• _TO DO_:
Exclude the pictures from your copy, and reproduce each entry below verbatim.

• _EXERCISE DATA_:

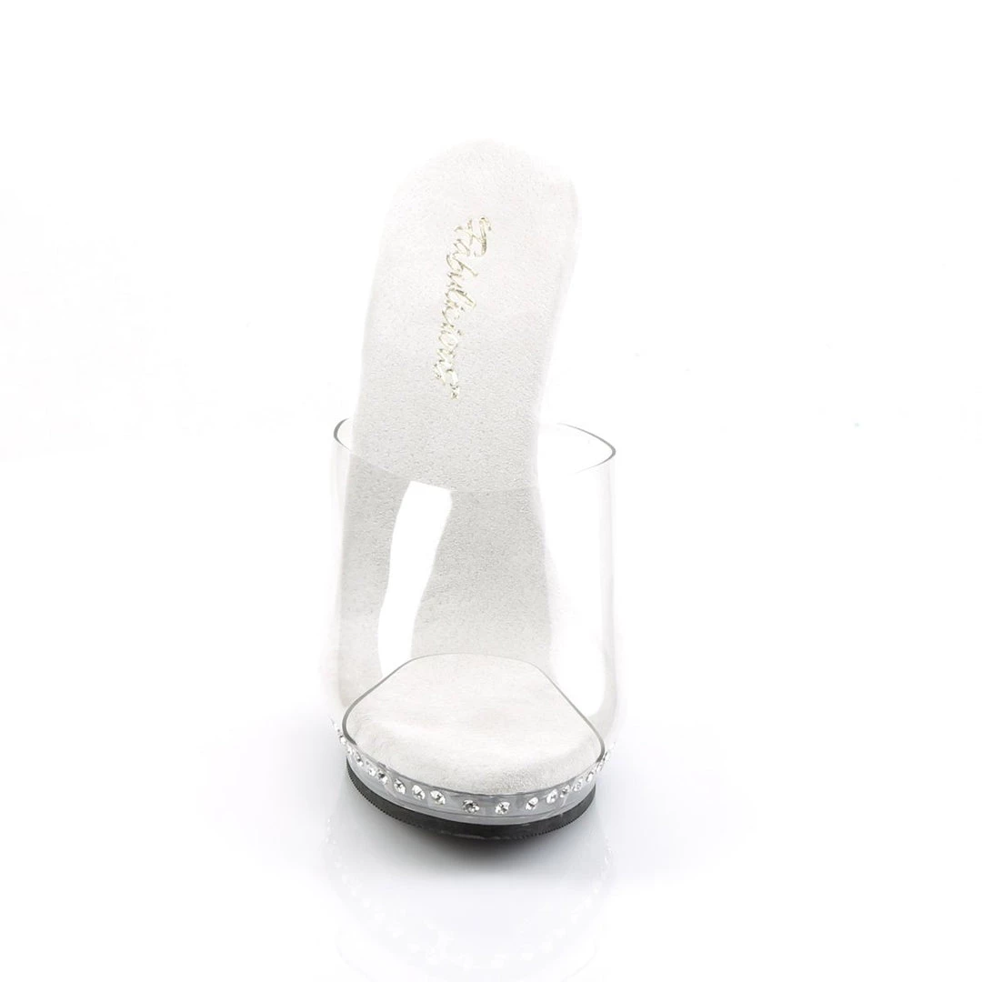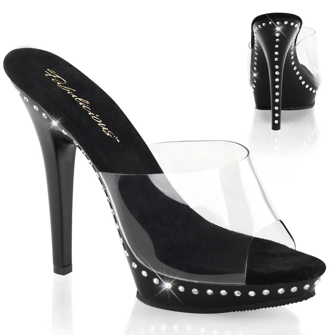 A mule style with a tapered round open toe. 5 inch (12.5 cm) high stiletto heels complemented by a chic 0.75 inch (2 cm) front platform with soft cushioning. Featuring one line of crystals adorning heel and platform. Its padded, sueded footbed helps keep you comfy all the while.
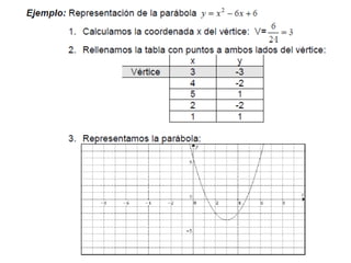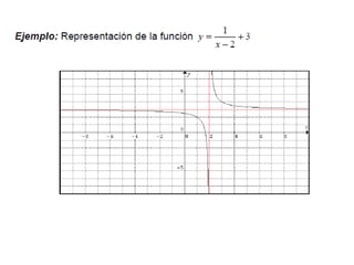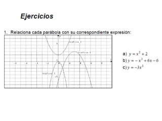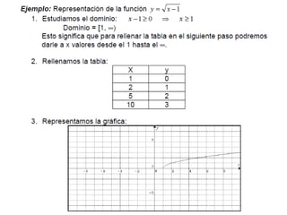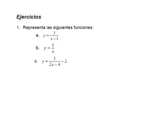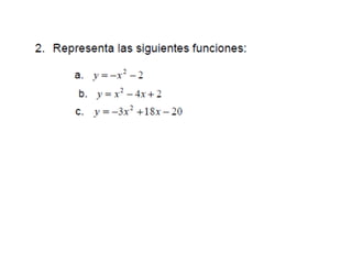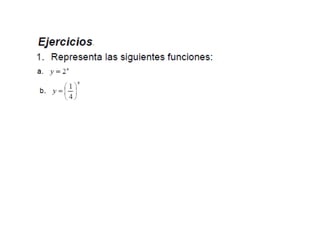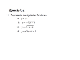 Este documento resume diferentes tipos de funciones elementales, incluyendo funciones afines, cuadráticas, de proporcionalidad inversa, radicales, exponenciales y logarítmicas. Define funciones afines como rectas de la forma y = mx + n, donde m es la pendiente y n es la ordenada en el origen. Explica que si m es positivo la función es creciente, y si m es negativo es decreciente.
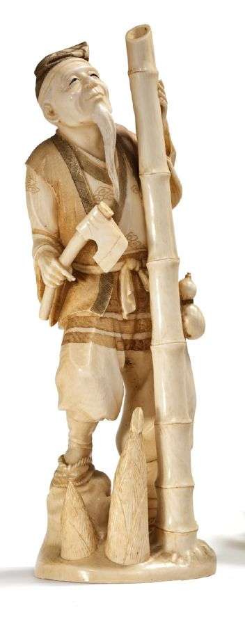 Poignée de sabre en ivoire rehaussé de brun, sculptée en relief de différents personnages, samouraï, musicien, jeune femme, sur fond de pavillons.
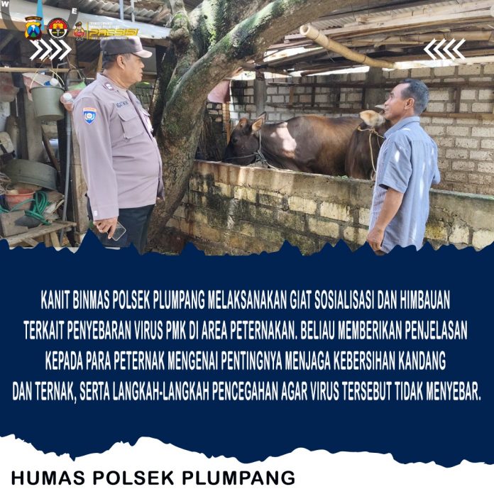 Polsek Plumpang – Kanit Binmas Polsek Plumpang, Aiptu Ngatmin, melaksanakan giat sosialisasi dan himbauan terkait pencegahan penyebaran virus Penyakit Mulut dan Kuku (PMK) di area peternakan wilayah Plumpang. Kegiatan ini bertujuan untuk memberikan pemahaman kepada para peternak mengenai pentingnya menjaga kebersihan kandang dan ternak demi mencegah penyebaran virus PMK.
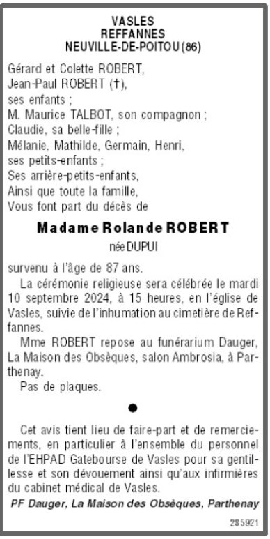 Cet espace « condoléances » est dédié à la mémoire de Madame Rolande ROBERT née DUPUI.
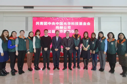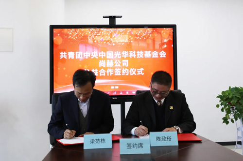 尚赫公司执行长特别助理、尚赫公益基金会秘书长陈政裕与共青团中央中国光华科技基金会副秘书长梁范栋分别代表双方签订公益合作协议。尚赫公益基金会理事长陈以勳通过“云连线”的方式,见证双方签约。
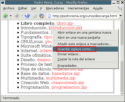 En este ejemplo, vamos a descargar el archivo introduccion.zip,
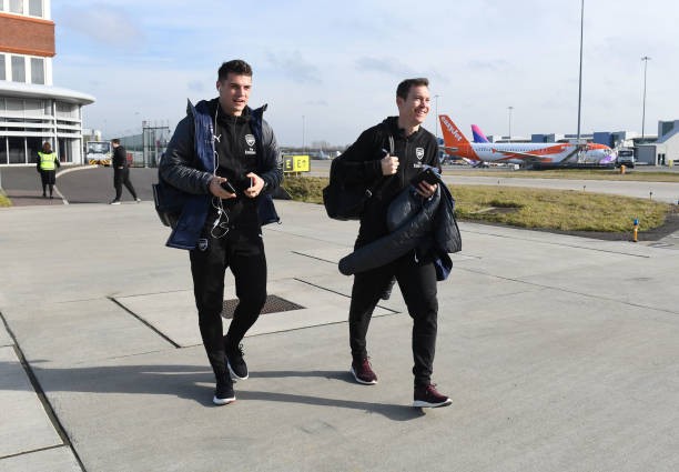 Các cầu thủ Arsenal đã rời sân bay Luton của nước Anh để đến Belarus để chuẩn bị cho trận đấu ở vòng 32 đội Europa League.
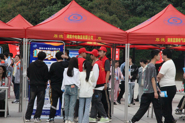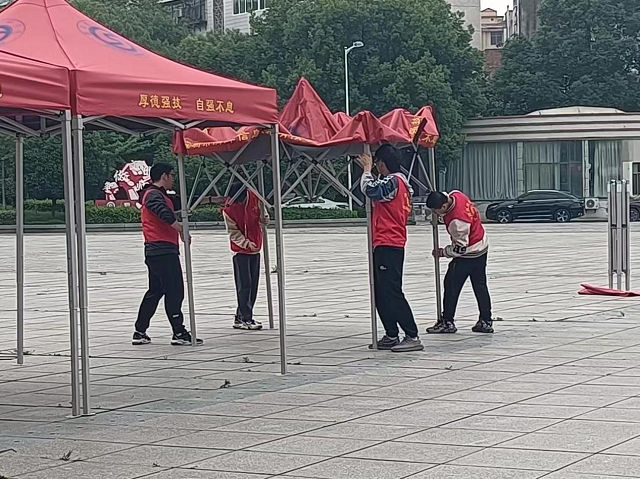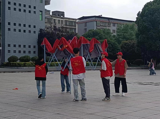前期准备阶段志愿者们认真做好招聘会会场的各项布置工作,搬桌椅、搭帐篷、摆旗帜等,志愿者们各司其职积极投入志愿服务。
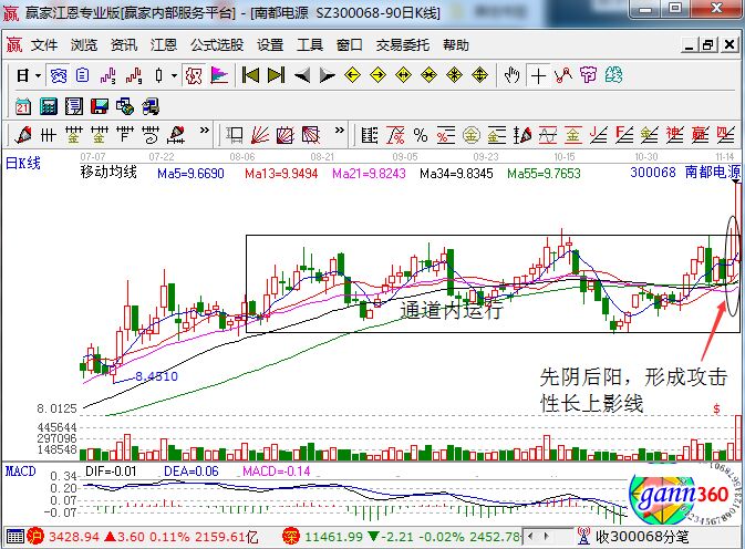 在攻擊性長下影線的下一個交易日開盤后,9點45分之前,該股如果快速的突破前一個交易日的日均價并且放量,有效站穩(wěn),則表示前一個交易日的放量長上影線屬于試盤行為,所以投資者可以大膽買入。買入的點位,就可以掛在均價線附近,或者是極反通道生命線附近.
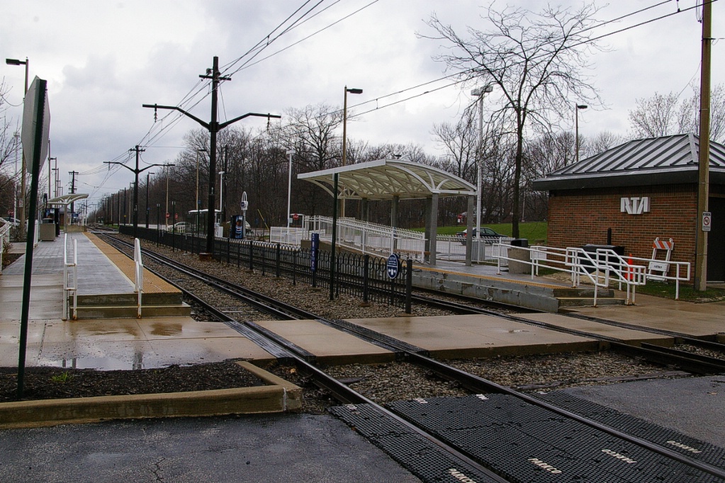 Each side of Shaker Boulevard converge slightly to become about 150 metres apart on the north and south sides of the ravine right of way. The first stop, almost 800 metres from Warrensville, is Belvoir. This stop has walk-in access from nearby residential neighbourhoods. Its platforms are slightly staggered with the outbound platform about one and a half LRV lengths further west than the inbound platform.
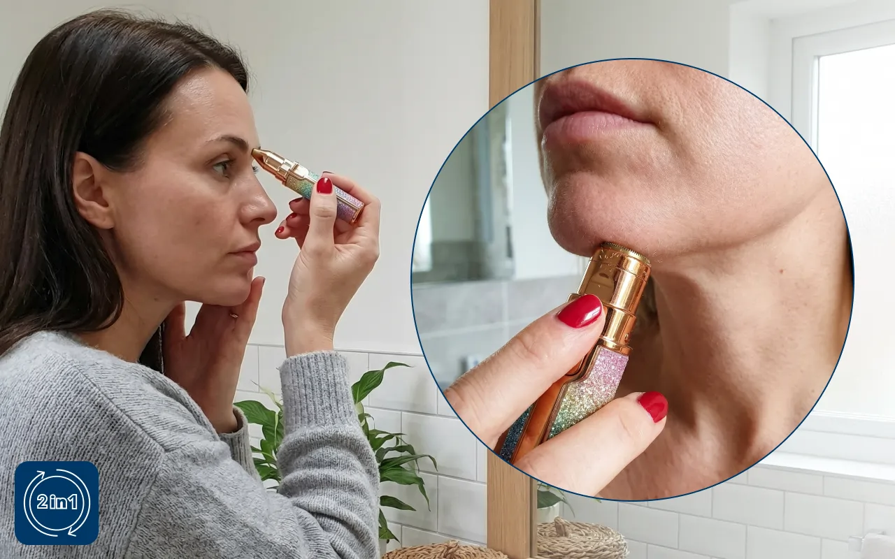 قومِي بتشكيل الحواجب وإزالة شعر الوجه باستخدام أداة واحدة عملية. غيري الرؤوس بسرعة لترتيب الحواجب أو المناطق الحساسة الأخرى.
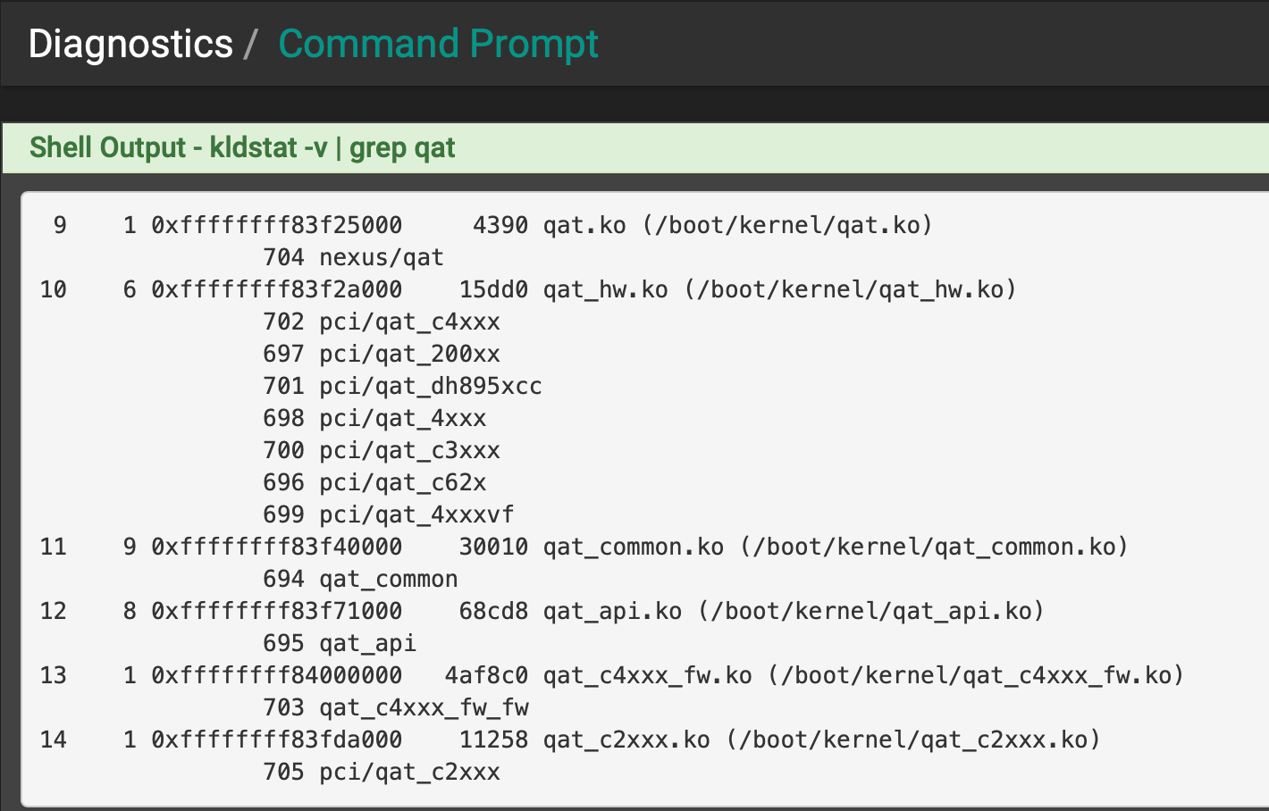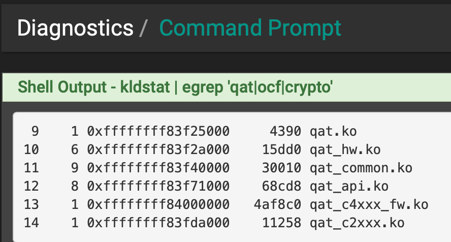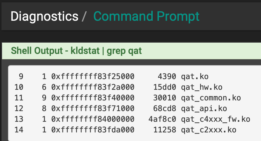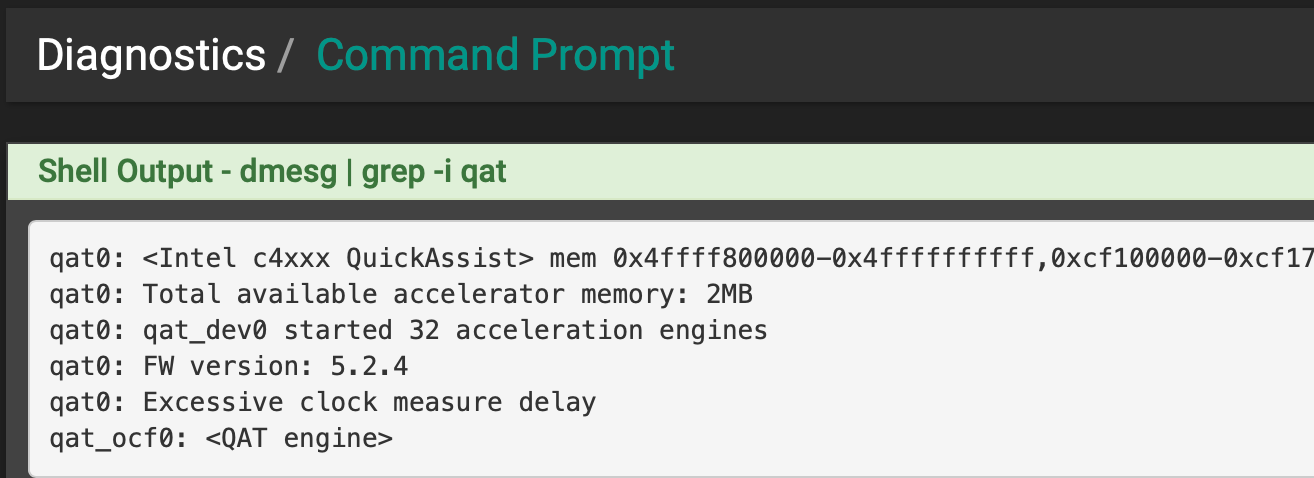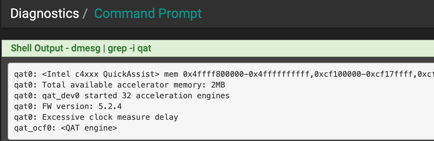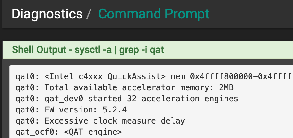 I have a Supermicro machine with a Xeon D-2796NT processor and pfSense Plus (25.11 Beta) loaded in it and have been wondering if there would be a way to have QAT fully activated in it. Have run some commands to see if the QAT drivers have been loaded and they show that they are (or at least I hope). However, the main pfSense web UI still displays QAT Crypto: No.
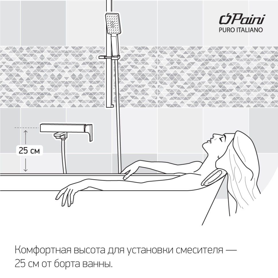 Однорычажный смеситель для ванны коллекции BARI - новинка итальянского бренда PAINI. Прямоугольный массивный корпус контрастирует с изгибом рычага. Этот дизайн будет актуален долгие годы. Компактный размер смесителя позволяет установку в санузел любого размера. Четкие линии и выверенные пропорции BARI позволяют сочетать эту коллекцию с интерьерами в эко-стиле, органично смотрятся в стиле хай-тек или внесут завершающую деталь в санузел в стиле лофт.Итальянское качествоПять лет гарантии качества от производителя сантехники для дома с более чем 60-летней историей.Надежное покрытиеЛатунный корпус смесителя для раковины, устойчивый к механическим и химическим повреждениям. Технология двойного покрытия (никелирование и хромирование) для цвета хром CR.Качественные комплектующие Аэратор Neoperl насыщает струю кислородом, увеличивает напор, экономя воду. Сеточка очищается пальцем. Nuovo Galatron - керамический картридж, обеспечивающий долгую службу смесителя.Поворотный (флажковый, рычажный) дивертор смесителя для ванной PAINI не среагирует на перепад давления воды и внезапно не переключится с душевой лейки на излив.

• _RESPONSE_:
 A mule style with a tapered round open toe. 5 inch (12.5 cm) high stiletto heels complemented by a chic 0.75 inch (2 cm) front platform with soft cushioning. Featuring one line of crystals adorning heel and platform. Its padded, sueded footbed helps keep you comfy all the while.
 Este documento resume diferentes tipos de funciones elementales, incluyendo funciones afines, cuadráticas, de proporcionalidad inversa, radicales, exponenciales y logarítmicas. Define funciones afines como rectas de la forma y = mx + n, donde m es la pendiente y n es la ordenada en el origen. Explica que si m es positivo la función es creciente, y si m es negativo es decreciente.
 Poignée de sabre en ivoire rehaussé de brun, sculptée en relief de différents personnages, samouraï, musicien, jeune femme, sur fond de pavillons.
 Polsek Plumpang – Kanit Binmas Polsek Plumpang, Aiptu Ngatmin, melaksanakan giat sosialisasi dan himbauan terkait pencegahan penyebaran virus Penyakit Mulut dan Kuku (PMK) di area peternakan wilayah Plumpang. Kegiatan ini bertujuan untuk memberikan pemahaman kepada para peternak mengenai pentingnya menjaga kebersihan kandang dan ternak demi mencegah penyebaran virus PMK.
 Cet espace « condoléances » est dédié à la mémoire de Madame Rolande ROBERT née DUPUI.
 尚赫公司执行长特别助理、尚赫公益基金会秘书长陈政裕与共青团中央中国光华科技基金会副秘书长梁范栋分别代表双方签订公益合作协议。尚赫公益基金会理事长陈以勳通过“云连线”的方式,见证双方签约。
 En este ejemplo, vamos a descargar el archivo introduccion.zip,
 Các cầu thủ Arsenal đã rời sân bay Luton của nước Anh để đến Belarus để chuẩn bị cho trận đấu ở vòng 32 đội Europa League.
前期准备阶段志愿者们认真做好招聘会会场的各项布置工作,搬桌椅、搭帐篷、摆旗帜等,志愿者们各司其职积极投入志愿服务。
 在攻擊性長下影線的下一個交易日開盤后,9點45分之前,該股如果快速的突破前一個交易日的日均價并且放量,有效站穩(wěn),則表示前一個交易日的放量長上影線屬于試盤行為,所以投資者可以大膽買入。買入的點位,就可以掛在均價線附近,或者是極反通道生命線附近.
 Each side of Shaker Boulevard converge slightly to become about 150 metres apart on the north and south sides of the ravine right of way. The first stop, almost 800 metres from Warrensville, is Belvoir. This stop has walk-in access from nearby residential neighbourhoods. Its platforms are slightly staggered with the outbound platform about one and a half LRV lengths further west than the inbound platform.
 قومِي بتشكيل الحواجب وإزالة شعر الوجه باستخدام أداة واحدة عملية. غيري الرؤوس بسرعة لترتيب الحواجب أو المناطق الحساسة الأخرى.
 I have a Supermicro machine with a Xeon D-2796NT processor and pfSense Plus (25.11 Beta) loaded in it and have been wondering if there would be a way to have QAT fully activated in it. Have run some commands to see if the QAT drivers have been loaded and they show that they are (or at least I hope). However, the main pfSense web UI still displays QAT Crypto: No.
 Однорычажный смеситель для ванны коллекции BARI - новинка итальянского бренда PAINI. Прямоугольный массивный корпус контрастирует с изгибом рычага. Этот дизайн будет актуален долгие годы. Компактный размер смесителя позволяет установку в санузел любого размера. Четкие линии и выверенные пропорции BARI позволяют сочетать эту коллекцию с интерьерами в эко-стиле, органично смотрятся в стиле хай-тек или внесут завершающую деталь в санузел в стиле лофт.Итальянское качествоПять лет гарантии качества от производителя сантехники для дома с более чем 60-летней историей.Надежное покрытиеЛатунный корпус смесителя для раковины, устойчивый к механическим и химическим повреждениям. Технология двойного покрытия (никелирование и хромирование) для цвета хром CR.Качественные комплектующие Аэратор Neoperl насыщает струю кислородом, увеличивает напор, экономя воду. Сеточка очищается пальцем. Nuovo Galatron - керамический картридж, обеспечивающий долгую службу смесителя.Поворотный (флажковый, рычажный) дивертор смесителя для ванной PAINI не среагирует на перепад давления воды и внезапно не переключится с душевой лейки на излив.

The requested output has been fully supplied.